The Fractured Hues of White Light by Laura J. W. Ryan, Field Stone Press, 2010
Every now and then I am asked about where I get my ideas for my books or what inspired me to write a book…I can go on and on about inspiration just because it’s such a vast landscape of ideas - the ones that get used and the ones that don’t get used, but are waiting their turn… so for this, I tried to narrow it down to one book…

The Fractured Hues of White Light  has its origins from a paper about Autism that I wrote for a child psychology class in college. Because the subject was so remarkable, I wrote a poem and included it in the paper, which my professor liked quite a bit, but whatever, it was something that stuck with me (heck if I know where the paper is, but the poem, I still have, and I find it every time I clean my desk.)

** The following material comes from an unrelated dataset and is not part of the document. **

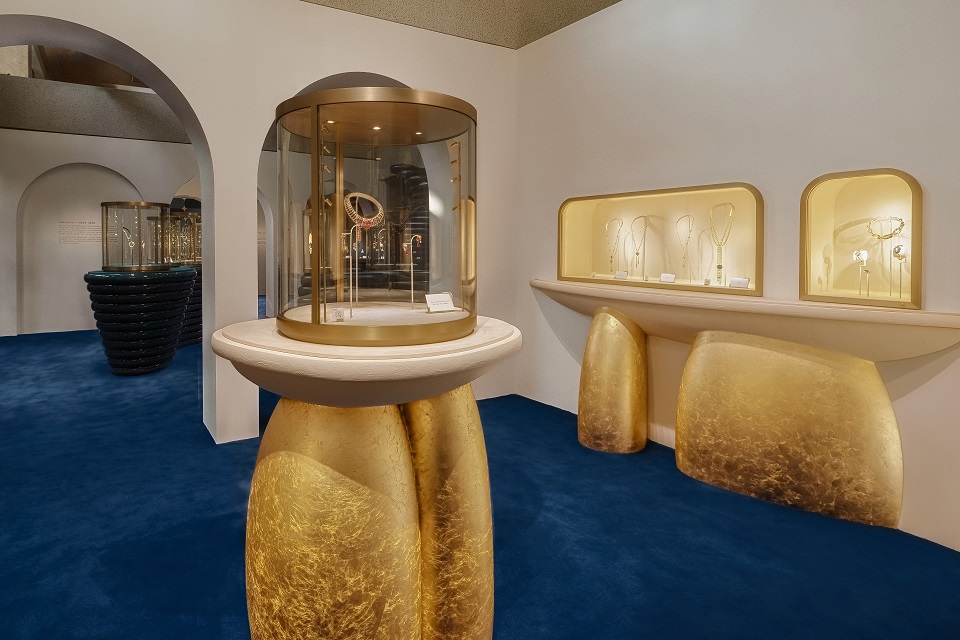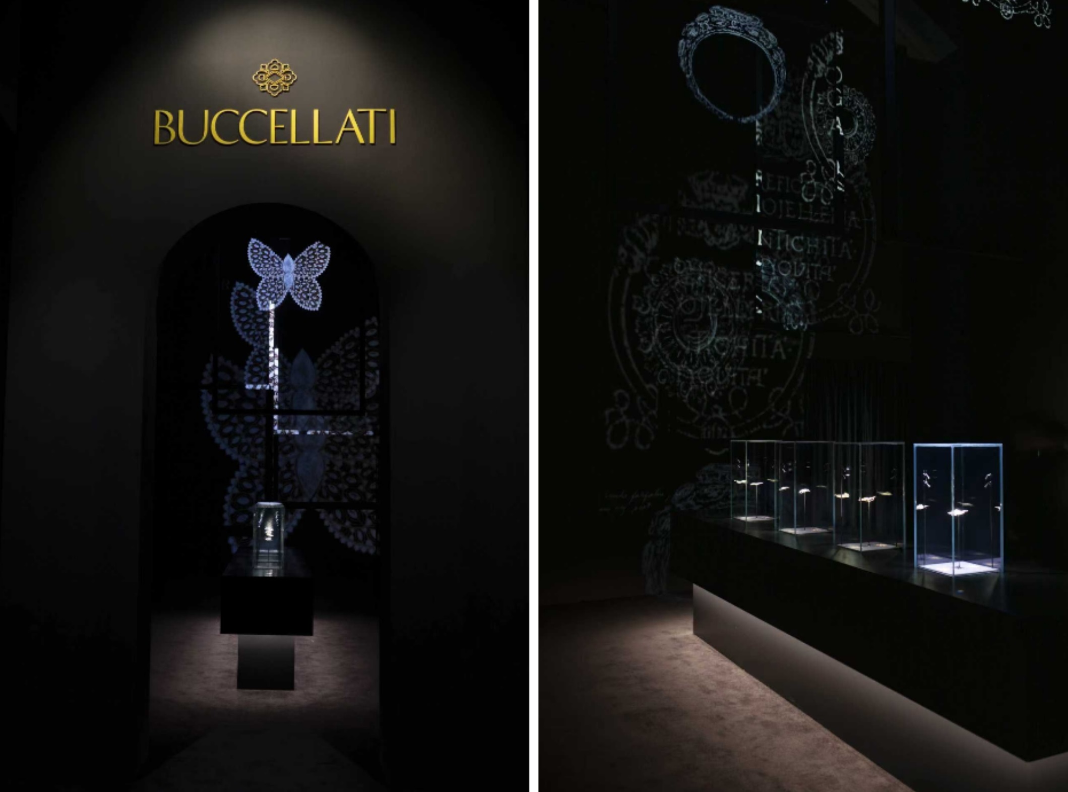 作為整場展覽的終章,“典藏長廊”展廳四根中央立柱分別呈現品牌四大獨特工藝的精髓:蕾絲鏤空、“Honeycomb”蜂巢工藝、手工雕刻(包括“Rigato”“Telato”“Segrinato”“Ornato”以及“Modellato”五大獨創技法)、連環成鏈。兩側立柱則匯集品牌創立至今最具標志性的作品系列,彰顯布契拉提美學風格的延續與演進。

I let the idea of autism roll around in my noggin for years—YEARS—1981-ish until the year 2000 when I started scribbling the first notes about a high-functioning autistic young woman. It all started with a conversation—most of my books come from this sort of bantering back and forth between characters, at first with no names, no identity—just a conversation. From that fragment of talk, I developed the characters, Samantha and Guthrie Ryder.

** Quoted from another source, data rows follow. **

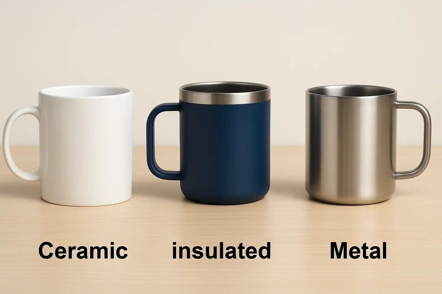 An illustration showing ceramic, metal, and insulated mugs to aid visualization. Helps connect computation to physical intuition and supports inclusive visual learning.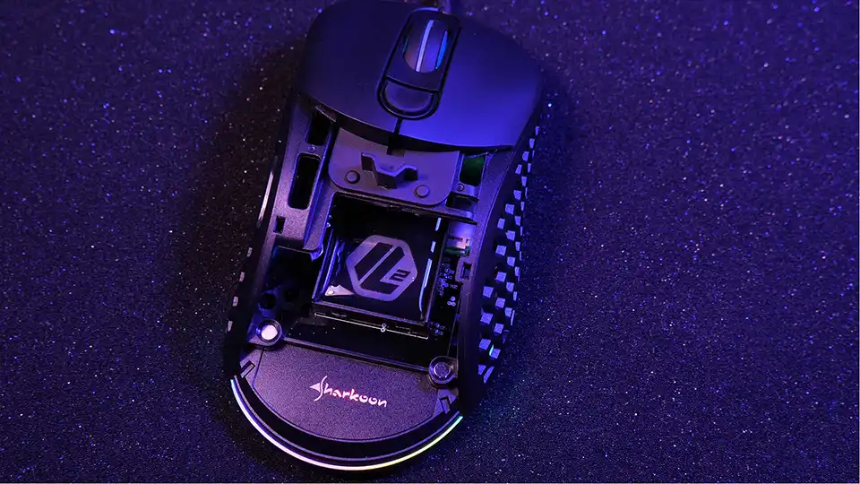 And the Sharkoon Light2 200 has a modular design which you can personalize, you can change elements on the mouse body to suit your needs. The magnetically attached top honeycomb can be easily removed and swapped with a closed-type 3 gram alternative. The detachable top makes cleaning a breeze, too.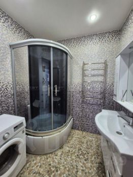 Потолки натяжные, на полу качественный ломинат и керамогранит, унитаз инсталляция.

Samantha is an artist with a special talent for copying the greatest hits of art history only in miniature. As a result, she became the subject of ‘human interest’ stories, locally, and then nationally. I know, it’s a strange thing to achieve recognition for—she’s aware of the absurdity of it. From the time she was a little kid, her father exploited her talent to make money, she concluded early on that if rich people are stupid enough to lay out thousands of dollars to pay for a miniature copy of Van Gogh’s Starry Night painted by some little kid they see as some kind of idiot savant, then why not? Every time she’s commissioned to paint “repeats” such as the Mona Lisa, she makes it smaller than the last time she made it (she imagines it will be the size of a postage stamp someday.) Changing the size slightly makes it “different” enough so she doesn’t get bored making it.

It seems she has a good life, but the crux is what she’s missing—she wants to paint something of her own. In the first drafts, the original conversation between Samantha and Guthrie was partially about this (and many other things, some of them silly) while they’re on a journey out west. Why were they out there, where did they come from, and what their relationship is supposed to be became a study about the meaning of love. How does an autistic woman express that emotion? Not that well—tho’ she tries very hard to express her feelings. Her obsessive-compulsive fixations cause an emotional upheaval that is overwhelming not only for her, but also for the recipient of her attention. Her sketchbooks are filled with the portraits of the people in her life who she loves, Lenore (her mother), Whitley (her father), Helena (her half-sister), Guthrie (who is her step-brother from her father’s previous marriage), and her friend, Sylvester. The quirk to her autism is her keen observation of faces and expressions—while she may not respond appropriately to the emotions of others, she’s studying them all the time, and is conscious of what is conveyed by an individual’s expressions. Often, the portraits become entangled in a mesh of pencil lines—random marks made and followed and will go on to the next page filling the paper edge to edge—these drawings are her natural self-expression, but because she’s never been encouraged to focus on making art from her own ideas, she doesn’t see their importance.

These issues were the basic backbone of the book, the rest evolved over time. The strangest things happen while writing a book—a whole lot of “unexpected” emerges from the fertile ground of the primary source of the story. It always amazes me where the original idea takes me, it all seems so simple at first, then there’s this beautiful sense of wonder that occurs as pieces fall into place, I go with the flow because it feels right—it’s truly magical how it happens. This book turned out to be a bigger, far more complex story than I initially imagined, and there were times I feared I took on something too big. It surprises me that I wrote it in that “I really wrote this book!” sort of way. I’m a little bit partial to The Fractured Hues of White Light—I think “she’s” my favorite novel because it was so challenging to write it.